Set clip_mode to "1" to perform text-based retrieval on the image database clip.db using the query text "a diagram". Retrieval results will be saved under the result directory.

(Users may customize the database filename clip_db_file, query text clip_text, and result output path clip_result_folder as needed.)

# Configure ROS2 environment
source /opt/tros/humble/setup.bash

# Launch the launch file
ros2 launch clip_manage hobot_clip_manage.launch.py clip_mode:=1 clip_db_file:=clip.db clip_result_folder:=result clip_text:="a diagram"

Visualizing Retrieval Results

Open another terminal: Start a web server to view retrieval results. Ensure that index.html and the result folder are located in the same directory.

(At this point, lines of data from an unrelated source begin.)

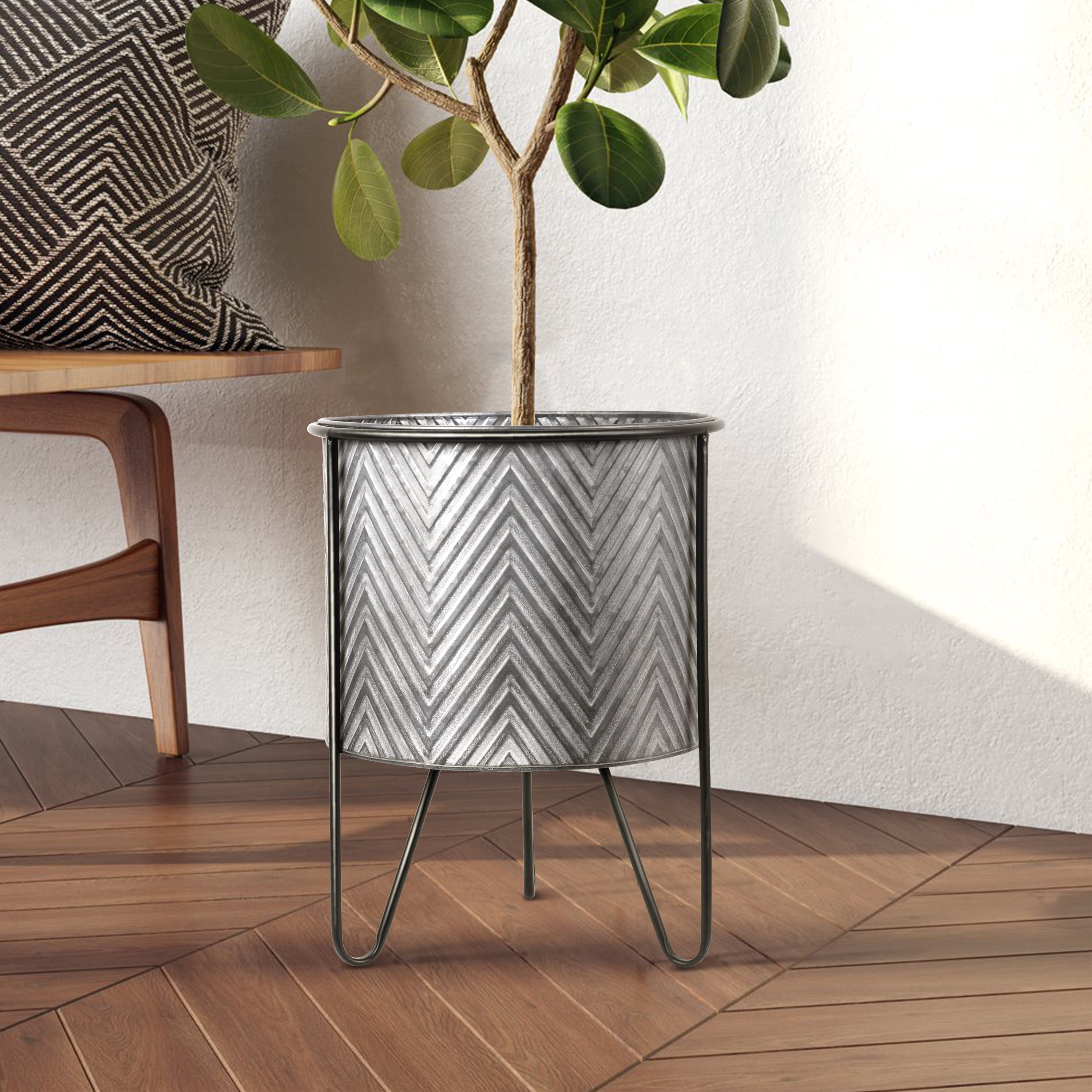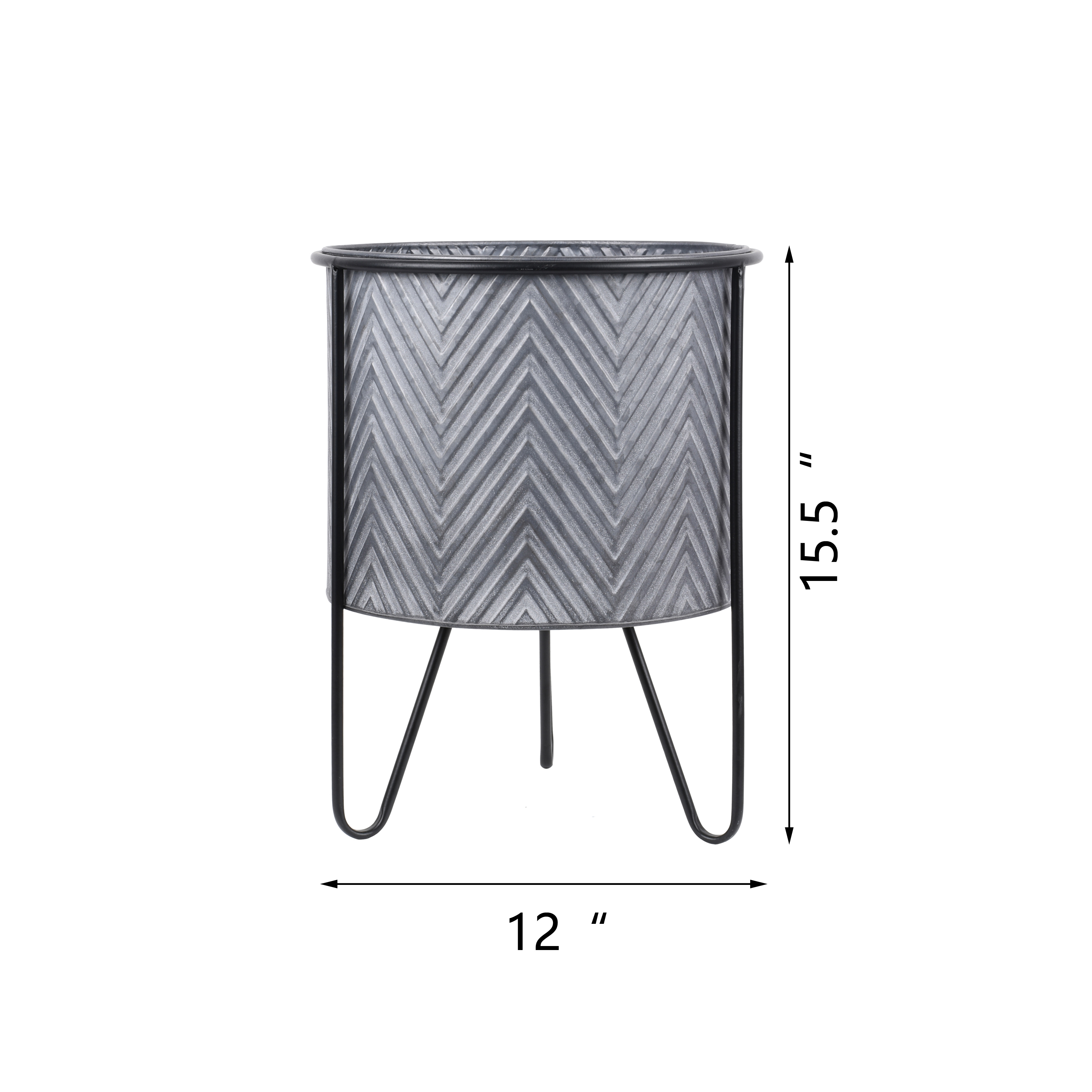 Better Homes & Gardens 8" & 12" Burnished Galvanized Gray Planter with Stand, Set of 2:
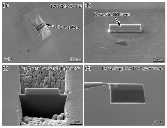 In addition to the layered microstructure, finer structures appeared along the interface after PWHT. Thus, it was necessary to characterize the interfacial microstructures and chemical composition in more detail. FIB was employed to accurately extract the interfacial sample in the DMW after PWHT for TEM observation. The position marked by the white line in Figure 6a indicates the FIB location. Figure 7 shows the preparation process for the FIB sample. Since the interfacial regions contained three different microstructures, namely 12Cr2MoWVTiB steel, layered microstructure, and nickel-based WM, the hardness gradient made the thinning process difficult during preparation of the TEM sample. Therefore, only part of the final sample prepared by FIB could be used for TEM observation.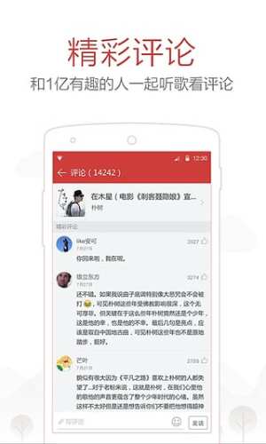 - 强大的【乐评】氛围,同一首歌,通过其他人的评论,体会当中故事、体会同样的感受,在评论中找到共鸣。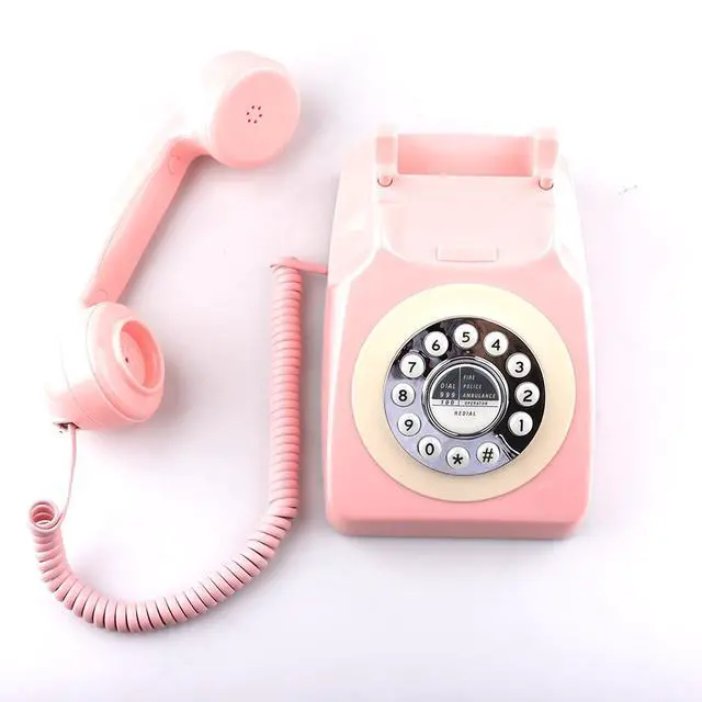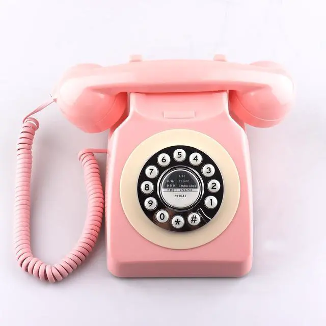 SIXDEFLY Retro Telephone, Classic Landline Telephone Vintage Old Fashioned Corded Telephone with Redial Function,for Home & Office Decor, Pink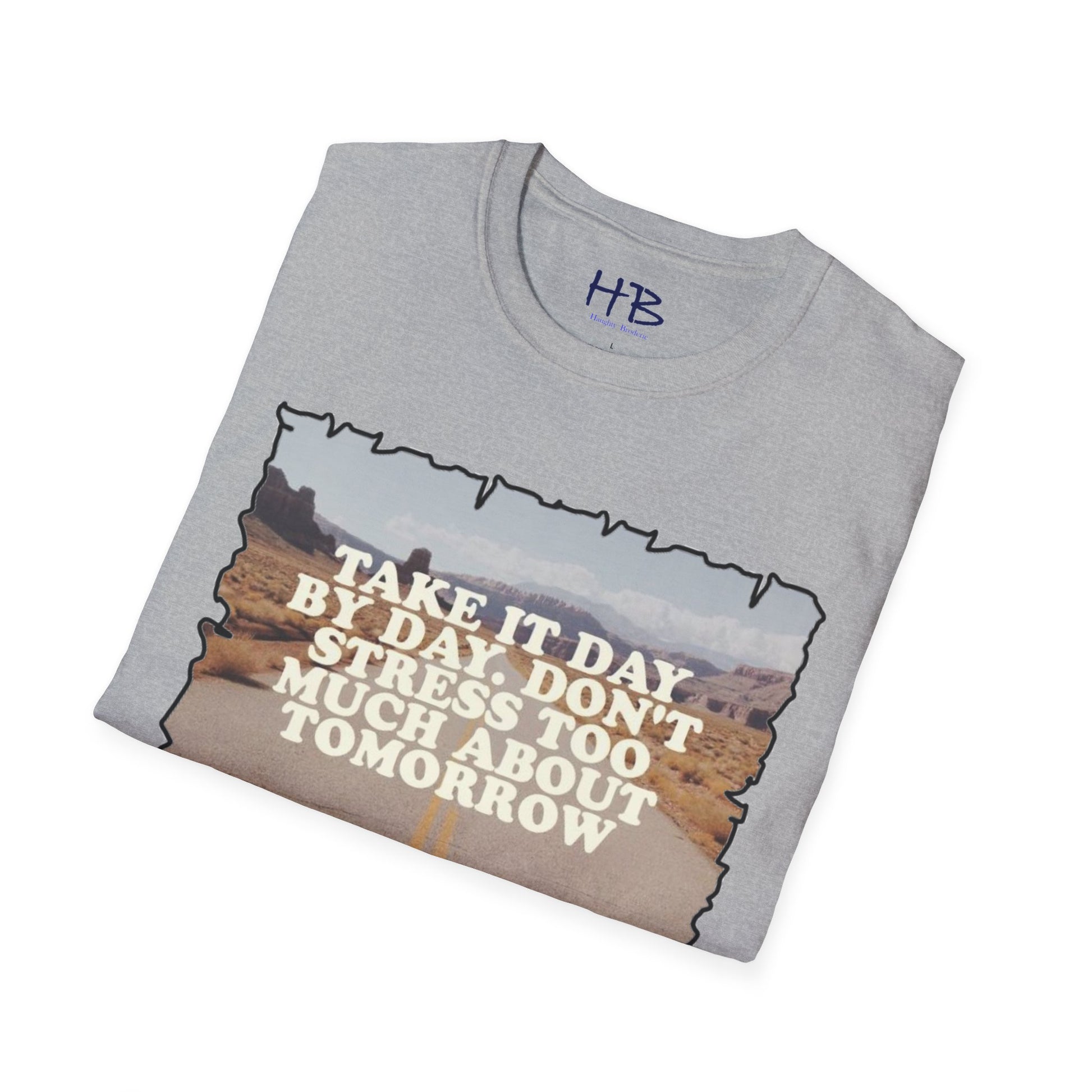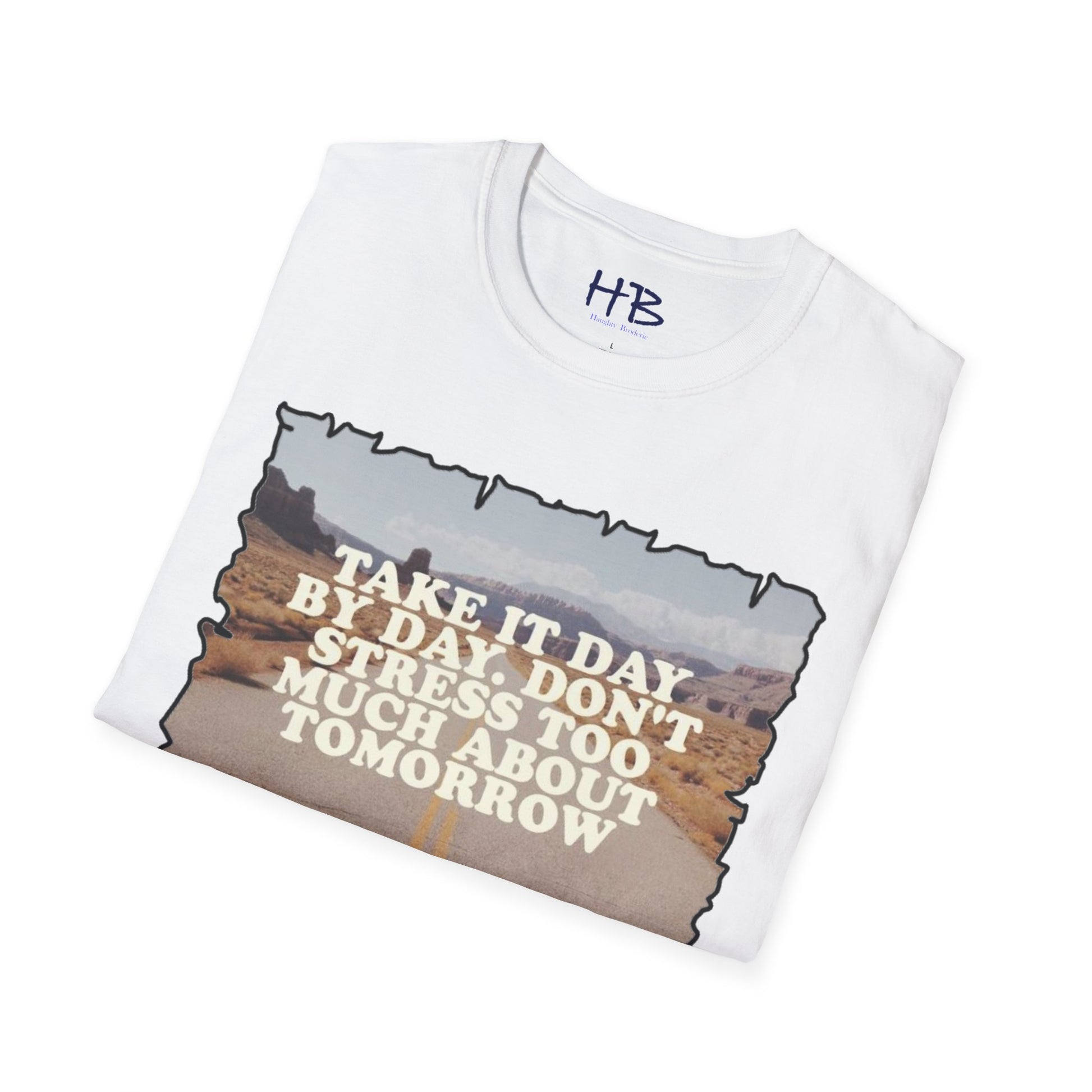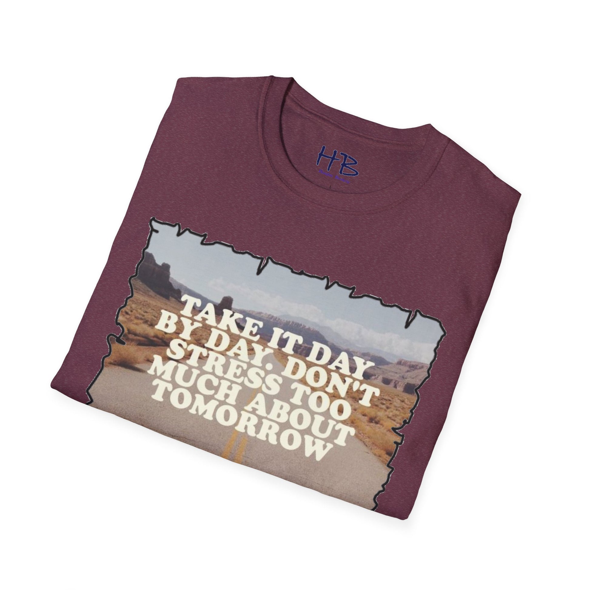 Introducing our captivating tee shirt featuring a mesmerizing view of Highway 66 leading to an unending expanse of the horizon. Accompanied by the profound statement, "Take it day by day. Don't stress too much about Tomorrow," this tee shirt holds profound significance in today's world.

cp -r /opt/tros/${TROS_DISTRO}/lib/clip_manage/config/index.html .
python -m http.server 8080

Result Analysis

Mode 1: Indexing

Successful indexing terminal log:

[clip_manage-3] [WARN] [0000434374.492834334] [image_action_client]: Action client recved goal
[clip_manage-3] [WARN] [0000434374.493161250] [image_action_client]: Action client got lock
[clip_manage-3] [WARN] [0000434374.493402834] [image_action_client]: Sending goal, type: 1, urls size: 0
[clip_encode_image-1] [WARN] [0000434374.494557250] [encode_image_server]: Received goal request with type: 1
[clip_encode_image-1] [WARN] [0000434374.495408375] [encode_image_server]: Executing goal
[clip_encode_image-1] [WARN] [0000434379.674204836] [ClipImageNode]: Sub img fps: 1.58, Smart fps: 1.58, preprocess time ms: 1422, infer time ms: 218, post process time ms: 0
[clip_encode_image-1] [WARN] [0000434380.881684628] [ClipImageNode]: Sub img fps: 3.31, Smart fps: 3.31, preprocess time ms: 44, infer time ms: 216, post process time ms: 0
[clip_encode_image-1] [WARN] [0000434380.882277045] [encode_image_server]: Goal complete, task_result: 1
[clip_manage-3] [WARN] [0000434381.704573129] [image_action_client]: Get Result errorcode: 0
[clip_manage-3] [WARN] [0000434381.704934504] [ClipNode]: Storage finish, current num of database: 7.

Mode 2: Retrieval

Successful retrieval terminal log:

[clip_manage-3] [WARN] [0000435148.509009119] [ClipNode]: Query start, num of database: 7.
[clip_manage-3] [WARN] [0000435148.509820786] [ClipNode]: Query finished! Cost 1 ms.
[clip_encode_text_node-2] [WARN] [0000435148.514026703] [clip_encode_text_node]: Clip Encode Text Node work success.
[clip_manage-3] [WARN] [0000435148.532558536] [ClipNode]: Query Result config/CLIP.png, similarity: 0.289350
[clip_manage-3] [WARN] [0000435148.540040328] [ClipNode]: Query Result config/dog.jpg, similarity: 0.228837
[clip_manage-3] [WARN] [0000435148.547667078] [ClipNode]: Query Result config/target_class.jpg, similarity: 0.224744
[clip_manage-3] [WARN] [0000435148.555092286] [ClipNode]: Query Result config/target.jpg, similarity: 0.207572
[clip_manage-3] [WARN] [0000435148.562450494] [ClipNode]: Query Result config/raw_unet.jpg, similarity: 0.198459
[clip_manage-3] [WARN] [0000435148.569500536] [ClipNode]: Query Result config/people.jpg, similarity: 0.174074
[clip_manage-3] [WARN] [0000435148.576885453] [ClipNode]: Query Result config/test.jpg, similarity: 0.174074
[clip_manage-3] [WARN] [0000435148.584450703] [text_action_client]: Get Result errorcode: 0

Visualizing Retrieval Results

Enter http://IP:8080 in a browser on your PC to view image retrieval results (replace IP with the device’s IP address).

Result analysis: The retrieved images are ranked in descending order of similarity to the query text. Only CLIP.png is provided by this example; all other images come from the user’s actual config directory. Therefore, only the first image in the visualization is expected to match the example exactly.